# ACTION ITEM:
Transcribe all the lines below exactly. Omit the pictures.

# DATA BELOW:
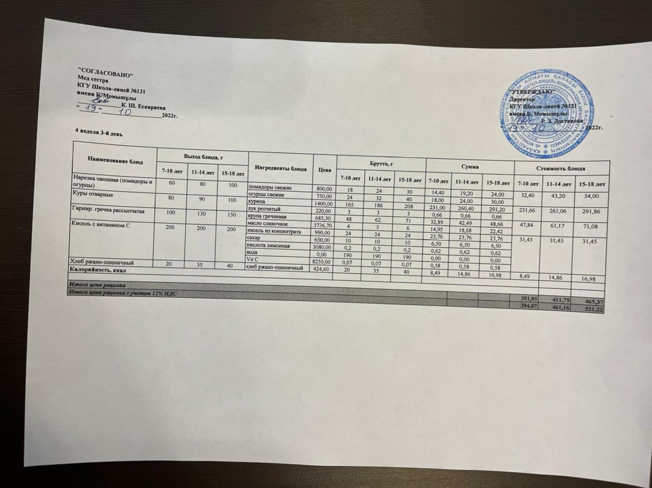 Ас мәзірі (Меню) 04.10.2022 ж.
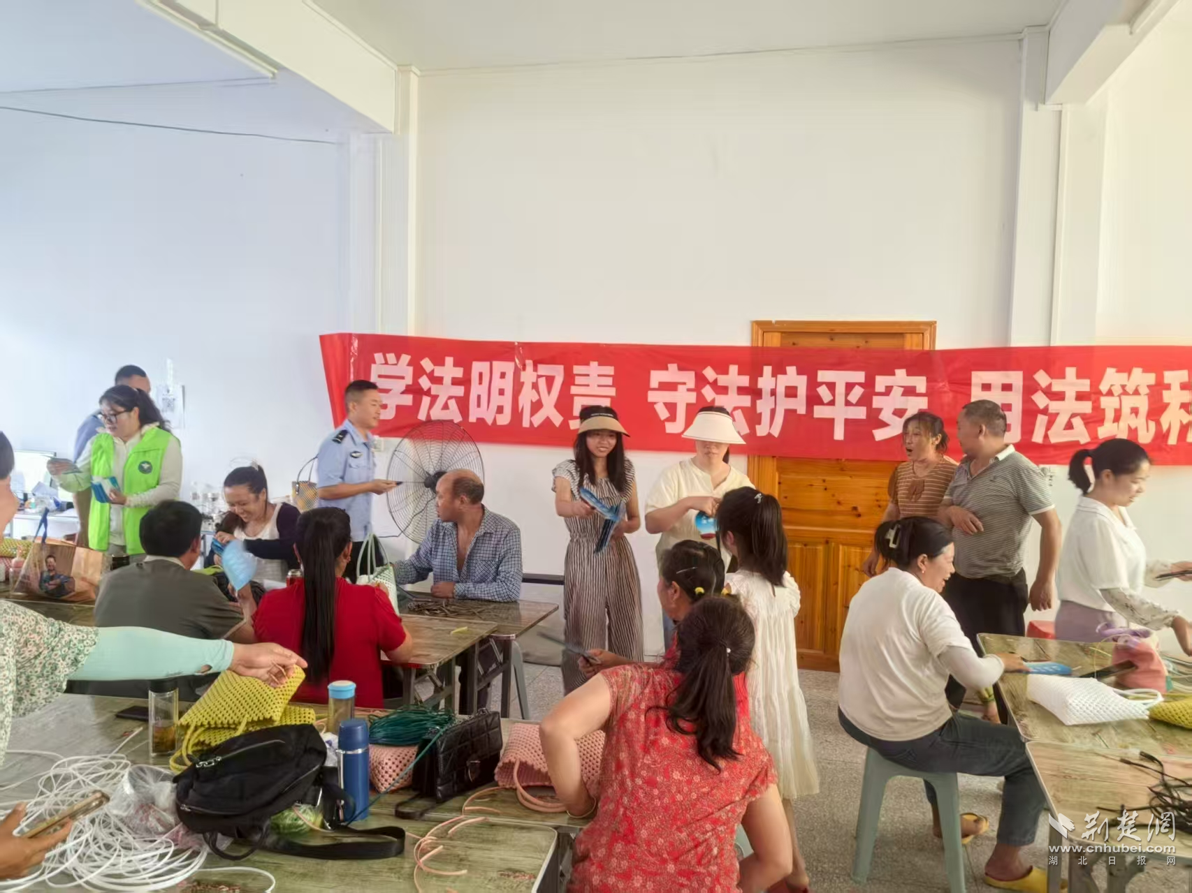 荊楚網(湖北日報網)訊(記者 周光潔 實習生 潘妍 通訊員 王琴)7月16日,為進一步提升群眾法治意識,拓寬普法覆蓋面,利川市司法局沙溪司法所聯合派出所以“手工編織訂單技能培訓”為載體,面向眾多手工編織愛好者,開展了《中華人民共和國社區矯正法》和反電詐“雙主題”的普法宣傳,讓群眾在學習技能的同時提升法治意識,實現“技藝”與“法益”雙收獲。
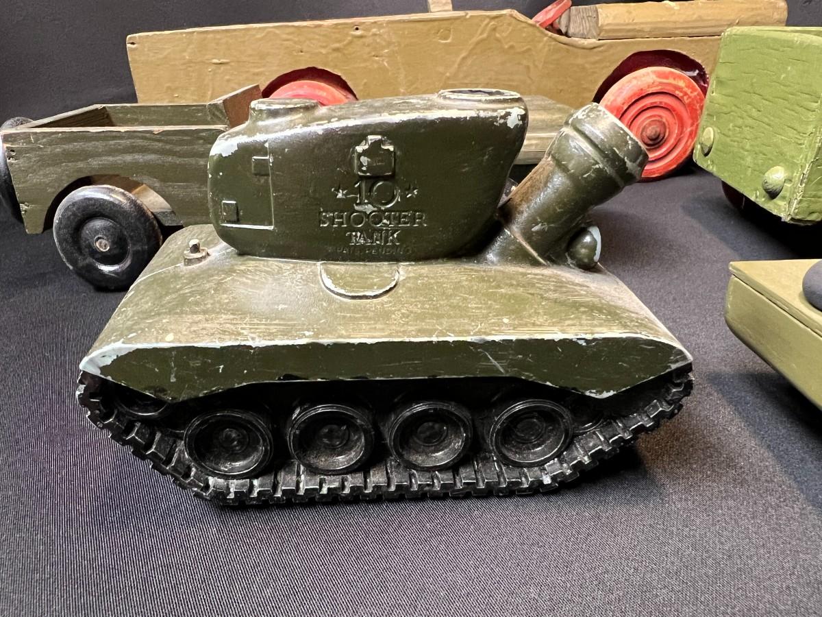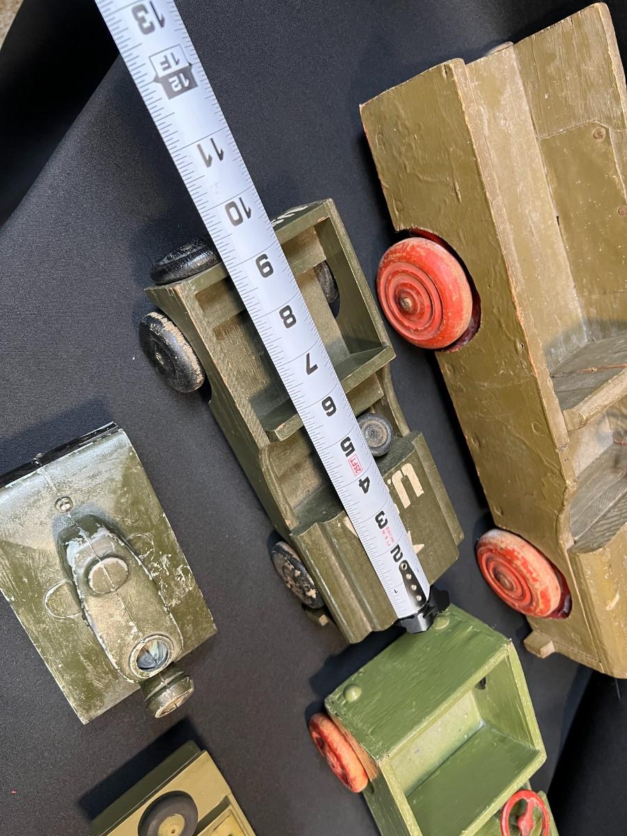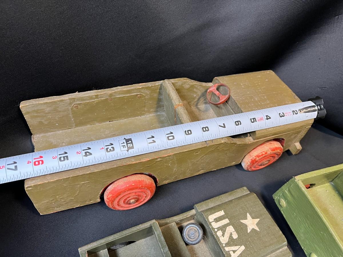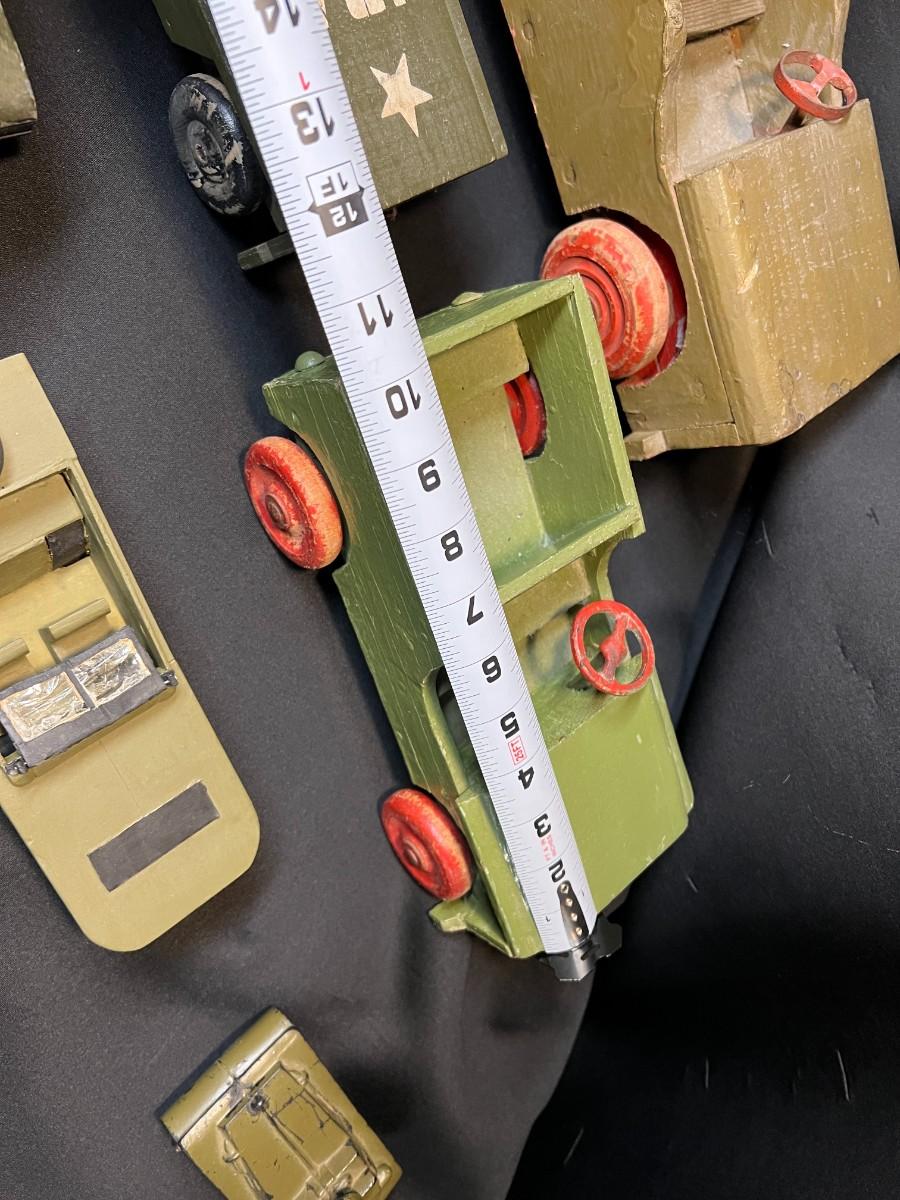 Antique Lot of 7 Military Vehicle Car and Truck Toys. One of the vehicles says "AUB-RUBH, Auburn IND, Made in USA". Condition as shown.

# OUTPUT OF THE TASK:
 Ас мәзірі (Меню) 04.10.2022 ж.
 荊楚網(湖北日報網)訊(記者 周光潔 實習生 潘妍 通訊員 王琴)7月16日,為進一步提升群眾法治意識,拓寬普法覆蓋面,利川市司法局沙溪司法所聯合派出所以“手工編織訂單技能培訓”為載體,面向眾多手工編織愛好者,開展了《中華人民共和國社區矯正法》和反電詐“雙主題”的普法宣傳,讓群眾在學習技能的同時提升法治意識,實現“技藝”與“法益”雙收獲。
 Antique Lot of 7 Military Vehicle Car and Truck Toys. One of the vehicles says "AUB-RUBH, Auburn IND, Made in USA". Condition as shown.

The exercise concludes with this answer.